Every line from the one with "elegante pentru botez." through the last line below should be repeated exactly; pictures stay out of the copy.

**Input data:**
=== Begin Enclosure ===
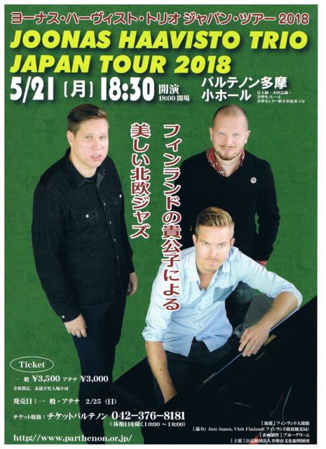 ■ヨーナス・ハーヴィスト・トリオ ジャパン・ツアー 2018■ 〜北欧の透明な風景が聴こえる〜 フィンランドで今注目される気鋭のピアニスト、ヨーナス・ハーヴィスト(トリオ)に よる4度目の来日公演が実現! 北欧の美しい旋律と和声、現代的なアレンジ で表現するコンテンポラリージャズの空間創造と美学! <JOONAS HAAVISTO TRIO JAPAN TOUR 2018> ■5月16日(水) 栃木県総合文化センター サブホール (栃木) 開場18:30 開演19:00 [全席指定] S席3,500円 A席2,500円 TEL 028-643-1010 (同センター) http://www.sobun-tochig
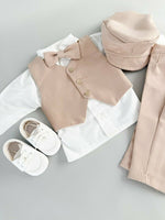 ✔ Vesta crem captusita – Eleganta si confortabila, vesta intregeste perfect costumul si aduce un plus de stil acestei tinute elegante pentru botez.
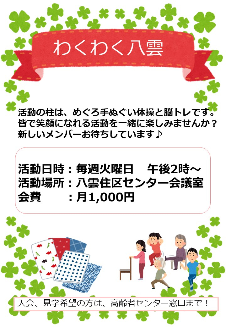 「シニアの部活めぐろ手ぬぐい体操グループづくりコース」終了後は「わくわく八雲」というサークルを作り、継続して手ぬぐい体操をしていらっしゃいます。
=== End Enclosure ===
**Solution to this problem:**
 ✔ Vesta crem captusita – Eleganta si confortabila, vesta intregeste perfect costumul si aduce un plus de stil acestei tinute elegante pentru botez.
 「シニアの部活めぐろ手ぬぐい体操グループづくりコース」終了後は「わくわく八雲」というサークルを作り、継続して手ぬぐい体操をしていらっしゃいます。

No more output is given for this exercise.